Find the line containing "这样,中国自由式滑雪队在世界", then print it and each line after it through the end of the listing exactly, with no pictures.

• _INPUT DATA_

* * *

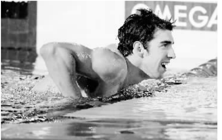
12月19日,美国队选手菲尔普斯在比赛后笑容灿烂。当日,在英国曼彻斯特进行的“池中对决”游泳挑战赛男子4X100自由泳接力比赛中,美国队以3分03秒30的成绩获得冠军并打破该项目世界纪录。

这样,中国自由式滑雪队在世界杯首日比赛中不仅夺得首金,还获得了全部6枚奖牌中的5枚,为温哥华冬奥会前的备战开了个好头。20日,本赛季世界杯将在长春进行第二站的争夺。
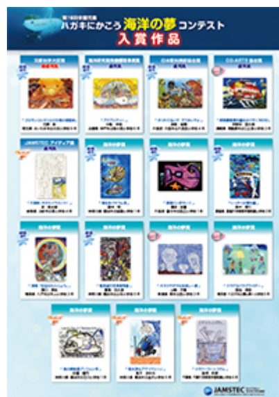
第16回 入賞作品 [PDF : 1.19MB]

* * *

• _ANSWER SPACE_
这样,中国自由式滑雪队在世界杯首日比赛中不仅夺得首金,还获得了全部6枚奖牌中的5枚,为温哥华冬奥会前的备战开了个好头。20日,本赛季世界杯将在长春进行第二站的争夺。
第16回 入賞作品 [PDF : 1.19MB]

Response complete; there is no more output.